In order to optimize the performance of your page you have to have basic knowledge of HTML, JAVAScrip and CSS. But in this process you don’t have to alter any code which already written, yet you will have to re-structure them.

Analyze

As the first step you have to identify the current state of your web site. For that open your web page in Firefox and click the YSlow icon at the right bottom of the browser window. It will pop up another window and there you can click the “Grade” button. (Choose rule sets according to your web site) Once you click, it will display the performance grade of your web site along with the overall performance score. Furthermore down the window, it will display grade for each sub-section. In addition to that there will be another tab displaying the size of each component of your web page and another tab for statistics including caching state and HTTP requests. This will give you a basic over all idea about the current state of your web site and where the performance hits are. After that you can solve the identified problems one by one.

Below section will explain the step by step process of optimizing a web page.

Performance Optimization Process

Optimize Page Content

Page content plays a big role when it comes to the performance. Pages with smaller file size will have the maximum performance. Therefore your main goal should be to make it smaller as possible. Any web page will have two main contents, which are hypermedia and text including HTML CSS and JS.

Hypermedia: Basic rule is reducing the size as much as possible. Especially for images you can reduce the resolution and use a compression like JPEG. Avoid using HTML sizing for images. If you need to optimize the performance in a greater scale you can use image Sprite. It will minimize the HTTP request for the external images.

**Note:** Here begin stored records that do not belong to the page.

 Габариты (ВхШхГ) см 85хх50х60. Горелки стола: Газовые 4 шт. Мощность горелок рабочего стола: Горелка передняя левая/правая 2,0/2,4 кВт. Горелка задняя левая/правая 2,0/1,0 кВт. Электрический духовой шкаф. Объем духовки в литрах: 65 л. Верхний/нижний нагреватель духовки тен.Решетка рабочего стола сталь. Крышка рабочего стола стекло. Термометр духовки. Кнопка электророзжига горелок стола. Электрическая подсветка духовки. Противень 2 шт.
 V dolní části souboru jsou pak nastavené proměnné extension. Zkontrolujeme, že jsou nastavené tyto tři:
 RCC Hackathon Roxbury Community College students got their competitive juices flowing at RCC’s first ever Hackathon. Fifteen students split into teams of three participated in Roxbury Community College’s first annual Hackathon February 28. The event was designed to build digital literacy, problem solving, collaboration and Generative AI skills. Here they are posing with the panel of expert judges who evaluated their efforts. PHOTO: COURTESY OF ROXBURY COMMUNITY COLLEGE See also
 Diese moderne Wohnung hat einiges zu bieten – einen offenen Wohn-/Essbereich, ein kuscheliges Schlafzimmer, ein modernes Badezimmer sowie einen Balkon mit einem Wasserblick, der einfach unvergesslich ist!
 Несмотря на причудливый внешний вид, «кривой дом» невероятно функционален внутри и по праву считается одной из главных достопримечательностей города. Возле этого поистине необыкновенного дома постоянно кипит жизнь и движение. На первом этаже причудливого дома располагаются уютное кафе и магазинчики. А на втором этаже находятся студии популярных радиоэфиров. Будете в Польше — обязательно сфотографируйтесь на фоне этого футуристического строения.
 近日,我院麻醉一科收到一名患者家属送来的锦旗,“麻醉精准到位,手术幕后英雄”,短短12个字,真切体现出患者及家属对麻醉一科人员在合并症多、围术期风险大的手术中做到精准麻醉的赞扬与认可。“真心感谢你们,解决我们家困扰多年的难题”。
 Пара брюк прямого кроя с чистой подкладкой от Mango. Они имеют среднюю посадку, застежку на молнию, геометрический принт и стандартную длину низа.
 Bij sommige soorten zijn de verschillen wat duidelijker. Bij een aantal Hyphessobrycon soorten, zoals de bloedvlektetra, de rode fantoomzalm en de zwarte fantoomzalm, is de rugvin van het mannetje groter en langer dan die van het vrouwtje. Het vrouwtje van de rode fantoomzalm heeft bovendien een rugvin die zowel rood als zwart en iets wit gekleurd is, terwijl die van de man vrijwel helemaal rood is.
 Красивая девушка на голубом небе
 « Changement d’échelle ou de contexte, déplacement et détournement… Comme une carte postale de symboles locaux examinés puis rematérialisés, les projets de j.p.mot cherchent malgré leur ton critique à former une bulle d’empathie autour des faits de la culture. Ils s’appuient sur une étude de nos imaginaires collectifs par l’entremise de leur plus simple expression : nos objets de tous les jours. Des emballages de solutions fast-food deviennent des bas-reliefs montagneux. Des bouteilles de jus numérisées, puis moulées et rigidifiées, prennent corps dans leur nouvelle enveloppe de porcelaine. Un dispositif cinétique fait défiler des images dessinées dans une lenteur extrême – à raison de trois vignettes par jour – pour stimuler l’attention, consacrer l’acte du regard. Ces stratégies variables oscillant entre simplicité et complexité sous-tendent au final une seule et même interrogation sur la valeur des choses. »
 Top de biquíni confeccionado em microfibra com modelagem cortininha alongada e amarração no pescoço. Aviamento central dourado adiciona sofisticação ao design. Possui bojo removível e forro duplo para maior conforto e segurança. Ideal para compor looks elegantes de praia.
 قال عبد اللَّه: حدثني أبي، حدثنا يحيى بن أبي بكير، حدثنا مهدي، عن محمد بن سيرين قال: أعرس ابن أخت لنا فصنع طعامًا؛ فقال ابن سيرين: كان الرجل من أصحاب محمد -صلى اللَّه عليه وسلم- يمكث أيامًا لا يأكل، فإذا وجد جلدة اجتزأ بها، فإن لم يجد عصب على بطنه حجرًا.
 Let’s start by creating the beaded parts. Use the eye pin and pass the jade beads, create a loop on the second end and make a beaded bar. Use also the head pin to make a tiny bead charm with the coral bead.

HTML/CSS/JS: In the development time of the web page the HTML codes must be highly readable. Therefore developers keep spaces, comments, line breaks and indentation to increase the readability. But when it comes to the run time they will be a performance hit because it will increase the file size. In order to reduce the size those unnecessary characters should be removed. For that there are various HTML compressors out there. If you need to compress many HTML files at a time, you can use HTML Compress 5.5 PC application. In addition to that there are various online HTML compressors as well. You will observe, after the compression HTML, CSS and JS files are formed in to one single line or very fewer lines in the source code. At the same time you will be able to observe this will reduce the file size by around 10%. This process generally called as minifying the code.

Optimize External CSS/JS

If you have so many external JS and CSS files linked to the web page they need to pack in one single file for each type. This will reduce number of HTTP request for the external resources. Pack all the JS to one file and add the link in the bottom of the web page. Do the same for CSS and link them at the top of web page.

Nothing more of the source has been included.